• [Input data]:
....................

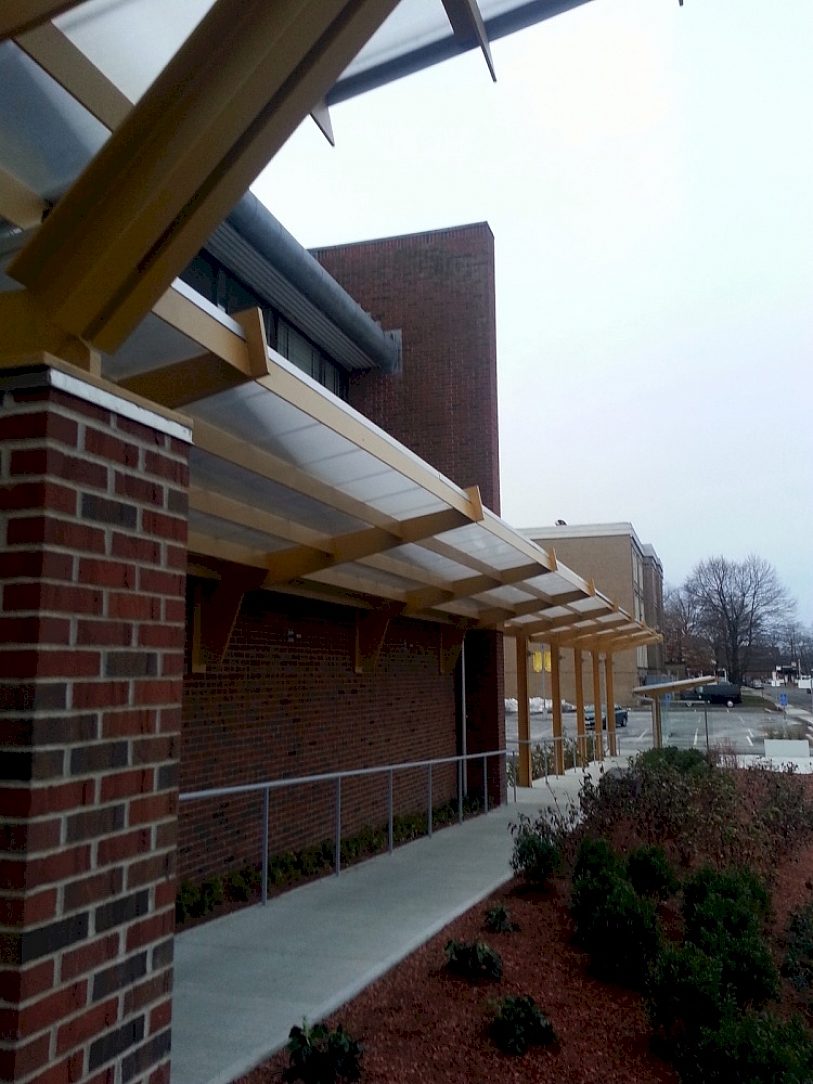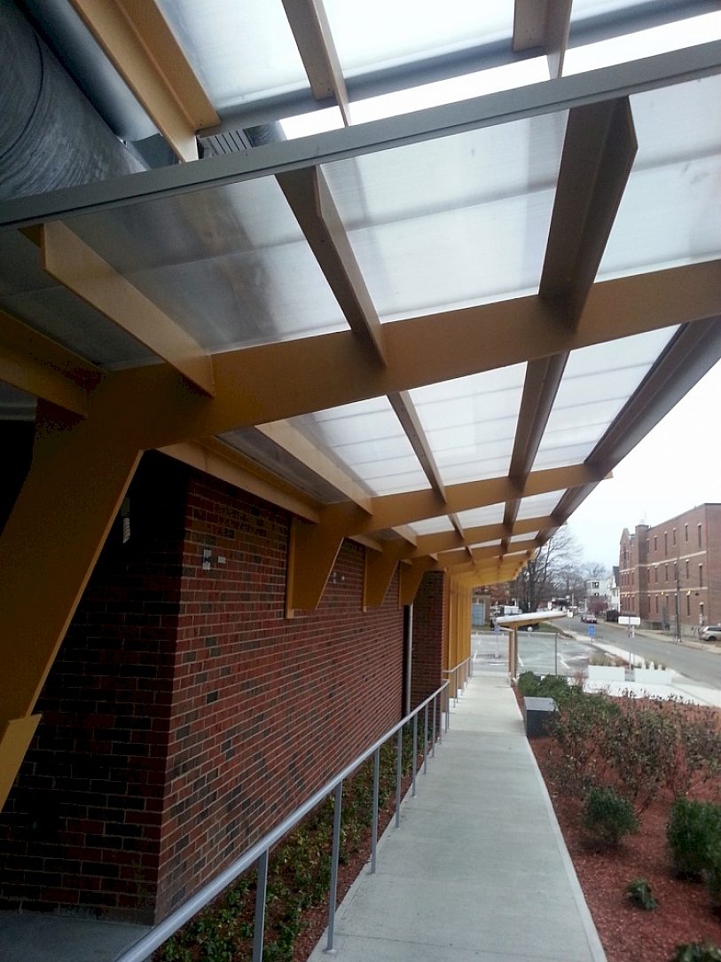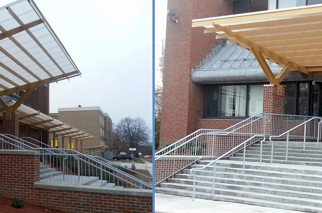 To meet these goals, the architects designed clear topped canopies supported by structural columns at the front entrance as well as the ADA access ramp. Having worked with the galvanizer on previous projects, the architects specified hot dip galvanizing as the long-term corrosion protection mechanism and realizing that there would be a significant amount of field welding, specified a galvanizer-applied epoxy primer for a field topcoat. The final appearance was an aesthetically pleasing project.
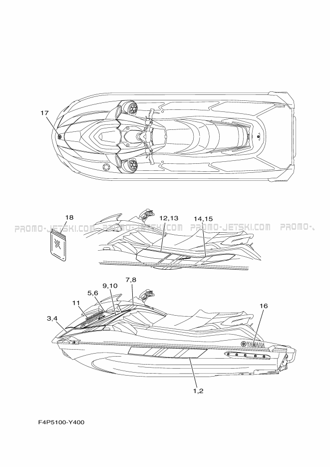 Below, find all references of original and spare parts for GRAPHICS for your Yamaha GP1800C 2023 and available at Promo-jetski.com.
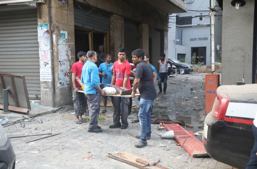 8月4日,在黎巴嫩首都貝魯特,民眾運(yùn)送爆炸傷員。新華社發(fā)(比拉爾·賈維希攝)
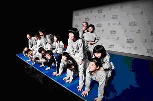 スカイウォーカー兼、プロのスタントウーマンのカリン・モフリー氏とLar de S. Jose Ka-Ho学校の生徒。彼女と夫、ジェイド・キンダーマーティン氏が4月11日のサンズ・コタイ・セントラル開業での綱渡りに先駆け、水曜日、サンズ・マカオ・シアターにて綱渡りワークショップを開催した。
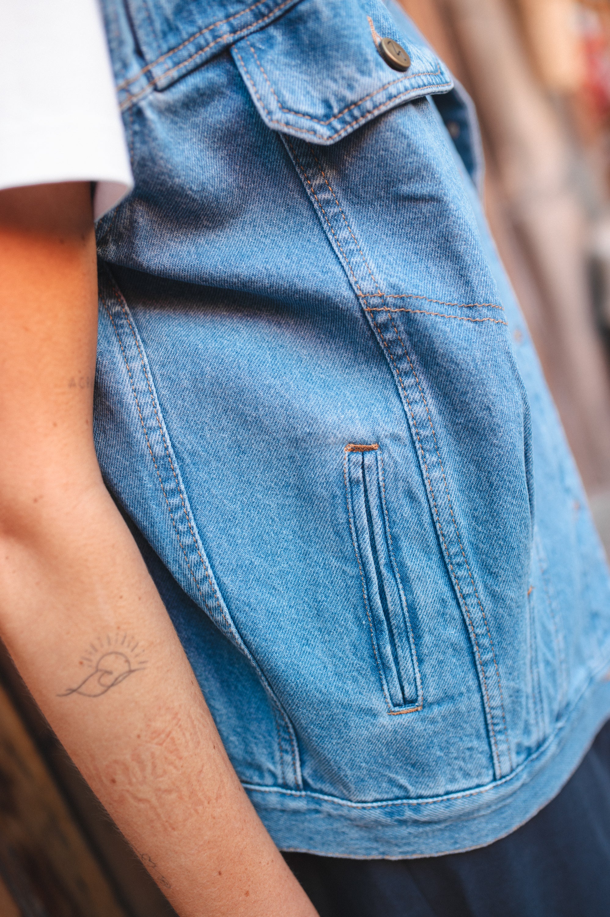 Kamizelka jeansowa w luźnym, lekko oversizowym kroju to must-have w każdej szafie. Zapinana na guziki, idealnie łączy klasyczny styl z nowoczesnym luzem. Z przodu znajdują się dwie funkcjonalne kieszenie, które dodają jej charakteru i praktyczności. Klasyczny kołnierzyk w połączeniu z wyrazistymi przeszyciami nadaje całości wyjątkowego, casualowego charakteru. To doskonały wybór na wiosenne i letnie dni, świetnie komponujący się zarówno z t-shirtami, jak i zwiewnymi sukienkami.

....................

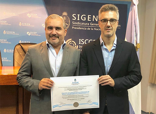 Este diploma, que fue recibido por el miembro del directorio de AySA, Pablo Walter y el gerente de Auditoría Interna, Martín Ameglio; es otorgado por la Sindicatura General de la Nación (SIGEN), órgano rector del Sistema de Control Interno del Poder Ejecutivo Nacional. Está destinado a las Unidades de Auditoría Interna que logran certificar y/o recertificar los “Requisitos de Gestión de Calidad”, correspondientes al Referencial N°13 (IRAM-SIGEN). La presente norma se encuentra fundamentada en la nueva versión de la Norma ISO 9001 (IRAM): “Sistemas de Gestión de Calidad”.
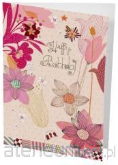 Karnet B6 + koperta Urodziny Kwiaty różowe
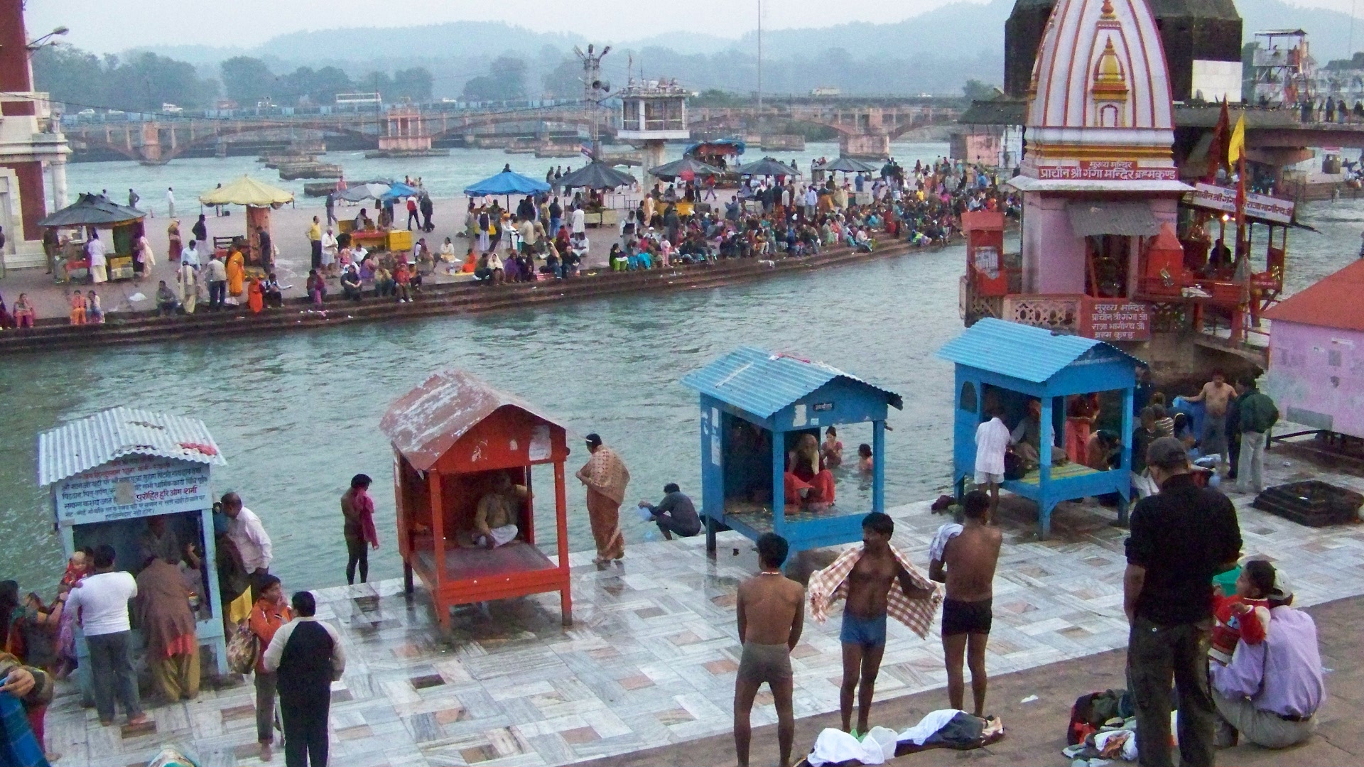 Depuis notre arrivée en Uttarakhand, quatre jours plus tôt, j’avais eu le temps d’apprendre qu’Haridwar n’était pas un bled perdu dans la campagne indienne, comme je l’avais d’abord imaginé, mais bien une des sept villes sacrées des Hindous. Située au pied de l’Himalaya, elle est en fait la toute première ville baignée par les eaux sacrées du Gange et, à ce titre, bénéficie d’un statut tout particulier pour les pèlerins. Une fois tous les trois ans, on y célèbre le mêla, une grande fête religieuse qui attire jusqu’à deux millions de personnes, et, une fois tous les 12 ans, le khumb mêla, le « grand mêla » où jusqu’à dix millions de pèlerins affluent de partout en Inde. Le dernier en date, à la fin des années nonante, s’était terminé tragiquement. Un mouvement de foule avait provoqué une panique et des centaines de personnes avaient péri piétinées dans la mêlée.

....................

Print, exactly and with no pictures, the lines of the listing above starting at the one that has "スカイウォーカー兼、プロのスタントウーマンのカリン・モフリー氏とLar de S." and ending at the one that has "Kamizelka jeansowa w", both included.

 スカイウォーカー兼、プロのスタントウーマンのカリン・モフリー氏とLar de S. Jose Ka-Ho学校の生徒。彼女と夫、ジェイド・キンダーマーティン氏が4月11日のサンズ・コタイ・セントラル開業での綱渡りに先駆け、水曜日、サンズ・マカオ・シアターにて綱渡りワークショップを開催した。
 Kamizelka jeansowa w luźnym, lekko oversizowym kroju to must-have w każdej szafie. Zapinana na guziki, idealnie łączy klasyczny styl z nowoczesnym luzem. Z przodu znajdują się dwie funkcjonalne kieszenie, które dodają jej charakteru i praktyczności. Klasyczny kołnierzyk w połączeniu z wyrazistymi przeszyciami nadaje całości wyjątkowego, casualowego charakteru. To doskonały wybór na wiosenne i letnie dni, świetnie komponujący się zarówno z t-shirtami, jak i zwiewnymi sukienkami.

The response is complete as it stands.